Problem details:
Return all the entries exactly, keeping pictures out.

Items from a data source

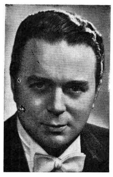
TENOR TAGLIAVINI — Noted soloist Ferruccio Tagliavini helped celebrate the 500th broadcast of NBC's "Telephone Hour" recently. This Monday night feature costs $11,500.
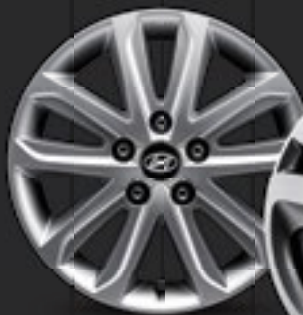
205/55R16 Alloy Wheel (Elite)
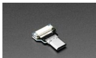
DIY USB Cable Parts -
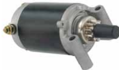
206-07120 STR. Johnson Electric / United Tech. 12V 10T CCW
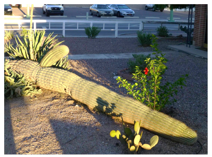
Figure 4. A fallen saguaro in an urban landscape.
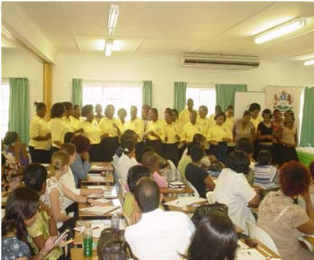
Professionals during the Seminar
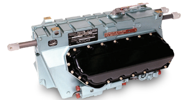
Aileron Rudder Interconnect

Task answer:
TENOR TAGLIAVINI — Noted soloist Ferruccio Tagliavini helped celebrate the 500th broadcast of NBC's "Telephone Hour" recently. This Monday night feature costs $11,500.
205/55R16 Alloy Wheel (Elite)
DIY USB Cable Parts -
206-07120 STR. Johnson Electric / United Tech. 12V 10T CCW
Figure 4. A fallen saguaro in an urban landscape.
Professionals during the Seminar
Aileron Rudder Interconnect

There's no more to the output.